1.4.3. Programmed Cell Death Protein-1 (PD-1) Inhibitors

In response to T-cell-mediated events, PD-1, another member of the immunoglobulin superfamily, is essential in suppressing the signaling that leads to programmed cell death [22]. As compared to CTLA-4, PD-1 is more broadly expressed and present in the tumor micro-environment (TME) across a range of immune cell types. T-cell suppression and eventual exhaustion result from an inhibitory signal that PD-1 sends when it attaches to its ligand, PD-L1 (B7-H1) [23, 24, 25]. The primary distinction between PD-1 and CTLA-4 is that the latter predominantly functions to restrict T-cell activity in peripheral tissues during later phases of tumor progression, whereas CTLA-4 regulates T-cell activity during the priming phase [26].

1.5. PD-L1 Inhibitors

PD-1 engages in interactions with its ligands, PD-L1 and PD-L2, which are expressed on normal dendritic cells, immune cells, and malignancies, in that order. Activated immune cells are suppressed by this interaction [27, 28]. Tumor cells can proliferate abnormally because they use the PD-1/PD-L1 pathway to weaken T-cell-mediated immunity. For this reason, immunotherapy targets PD-L1 effectively. Atemalizumab, Durvalumab, and Avelumab are the humanized IgG1 anti-PD-L1 monoclonal antibodies that have received FDA approval. Of them, atezolizumab was authorized in 2016 to treat urothelial carcinoma [29]. The mechanism of action, indication, dose, and year of approval of these drugs are given in Table 1.

Table 1.
FDA-approved ICIs and their therapeutic uses.
ICIs Group Drug Class Approval Year Indications
CTLA-4 inhibitor Ipilimumab
1,3,10 mg/kg IV
IgG1mAb 2010 Melanoma [34]
PD-1 inhibitor Pembrolizumab
100,200,400 mg IV
IgG4mAb 2016 GC, urothelial carcinoma, cervical cancer, melanoma, NSCLC, HNSCC, and TNBC [35]
Nivolumab
120/240/480 mg IV
2014 Hodgkin's lymphoma, melanoma, NSCLC, RCC, HNSCC, HCC, ESCC, and pleural mesothelioma [36]
Cemiplimab
350 mgIV
2018 Cutaneous squamous cell carcinoma [37]
PD-LI inhibitor Atezolizumab
840/1200/1680 mg IV
IgG1mAb 2016 HCC, melanoma, SCLC, NSCLC, and urothelial carcinoma [38]
Durvalumab
1500mg IV
2017 Urothelial bladder cancer, NSCLC, SCLC,
BTC [39].
Avelumab
800 mgIV
2017 RCC, urothelial carcinoma, and Merkel cell carcinoma [40]
Table 2.
Characteristics of irAEs associated with ICI.
ICI Group Type of irAEs Characteristics
Anti CTLA-4
antibodies
Diarrhoea, Colitis, Hepatotoxicity
Rashes, SJ Syndrome [52]
Myocarditis Respiratory, Pneumonitis
ITP [52], Endocrinopathy & Neuropathy [52]
10-30%- serious irAEs [44], Dose-dependent
Mostly occur within 8-12 weeks, Rashes- Earliest [53]
Diarrhea, colitis- most common [44], [54, 55, 56]
PD-1/PDL-1
inhibitors
“Rash, fatigue, arthralgia, headache, pruritus
Diarrhea, Colitis,
Pneumonitis, hepatitis, and endocrinopathies [57]
2.9% of patients on anti-PD1 therapy- neurological” irAEs [58].
Fewer irAEs compared to anti-CTL4 antibodies [50]
Common in the first 6 months [44]
Skin, hepatic, and pulmonary-related irAEs are more frequent than anti-CTLA4 antibodies [44]

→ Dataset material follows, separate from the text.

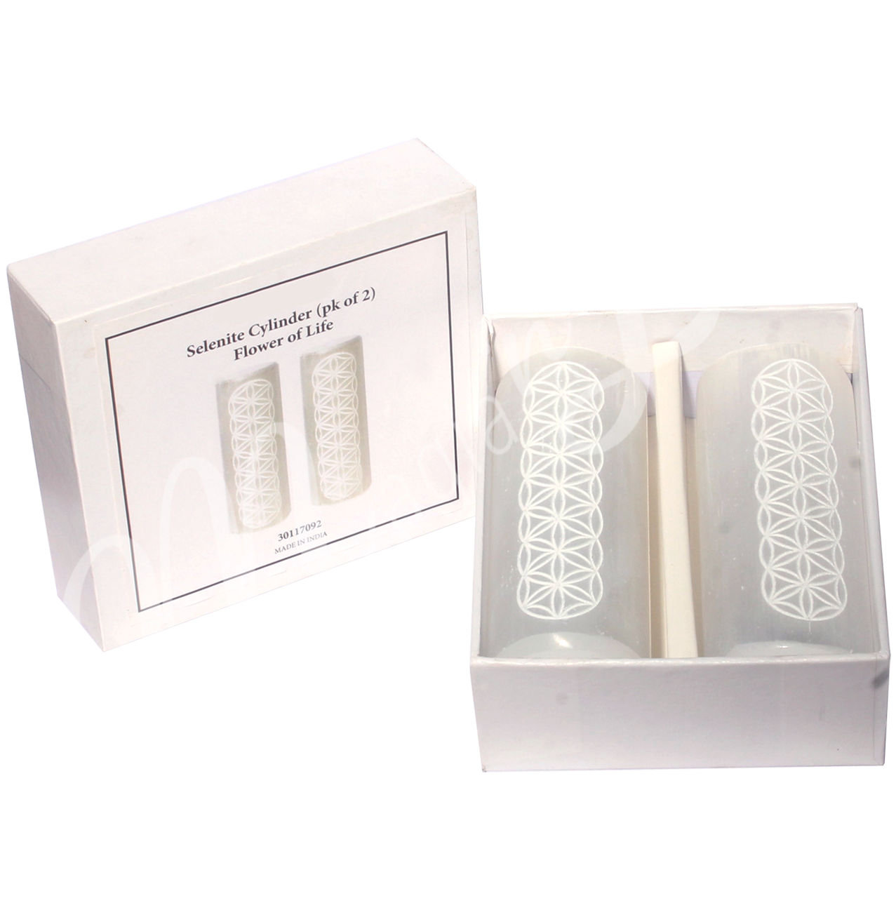 Both cylinder are made of Selenite and measure 1.5" in diameter X 4" in height. They come in a gift box.

1.5.1. Challenges Associated with Immune Checkpoint Inhibitors

Even though ICIs are revolutionizing immunotherapy, their effectiveness may be affected by a number of challenges and problems. Their use has been associated with both acquired and primary resistance (the tumor not responding to therapy when it is administered for the first time) [30]. Approximately one-third of patients show improvement during the first stage of treatment; however, resistance develops with time [31]. One of the main drawbacks of these medications is Immune-related Adverse Events (irAEs), which can occur early in therapy or later in treatment [32]. However, a recent review discussed the development of designer formulations in the pharmaceutical industry, highlighting their role in enhancing bioavailability, solubility, and stability. It examined the use of ionic liquids and deep eutectic solvents in improving drug permeability and solubilization [33]. These may assist in developing more precise ICIs with enhanced efficacy.

1.6. Adverse Effect Profile of ICIs

The chronic toxicities of these medicines, although frequently mild, can impact several organ systems and endure longer than anticipated. Fatal toxicities manifest in 0.4–1.2% of individuals, underscoring the necessity for additional research on long-term immunological consequences [33].

1.6.1. Immune-related Adverse Events to ICIs (irAEs)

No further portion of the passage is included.